Tangan Iblis Persembahan Surga ini membutuhkan keinginan yang tak ragu untuk membunuh. Keinginan membunuh seperti itu lahir dari pikiran seseorang. Itu bukanlah sesuatu yang dapat dilengkapi dengan mengandalkan Qi Darah.
“Benda ini bisa dianggap sebagai salah satu keterampilan pamungkas Sekte Langit Mendalam. Kekuatannya jelas melampaui apa yang telah ditunjukkan Yi Chen. Orang itu terlalu sombong. Ini menyebabkan dia tidak dapat memahami arti sebenarnya dari Tangan Iblis Persembahan Surga…” Xiao Yan dengan saksama mempelajari gulungan ini sebelum menghela napas dalam-dalam dan berbicara dengan penuh minat.

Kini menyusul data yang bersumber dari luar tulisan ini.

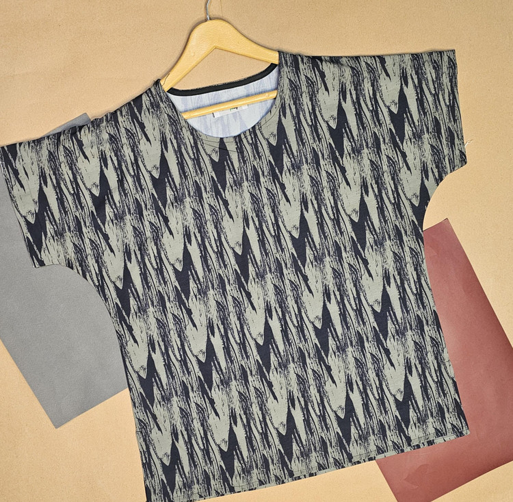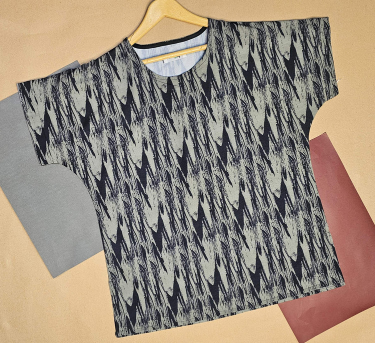 تیشرت سایهنگار از جنس کرپ بوگاتی، سبک، خوشفرم و مناسب استفاده روزمره و استایلهای مینیمال. بافت خاص پارچه، ایستایی زیبا و حس راحتی را همزمان فراهم میکند.

Berdasarkan perkiraan Xiao Yan, jika Tangan Iblis Persembahan Surga ini dilepaskan sepenuhnya, kekuatannya mungkin hanya dapat dilampaui jika seseorang mempelajari segel kelima dari Keterampilan Segel Dewa. Benda ini memang unik karena menjadi keterampilan pamungkas di Sekte Langit Mendalam.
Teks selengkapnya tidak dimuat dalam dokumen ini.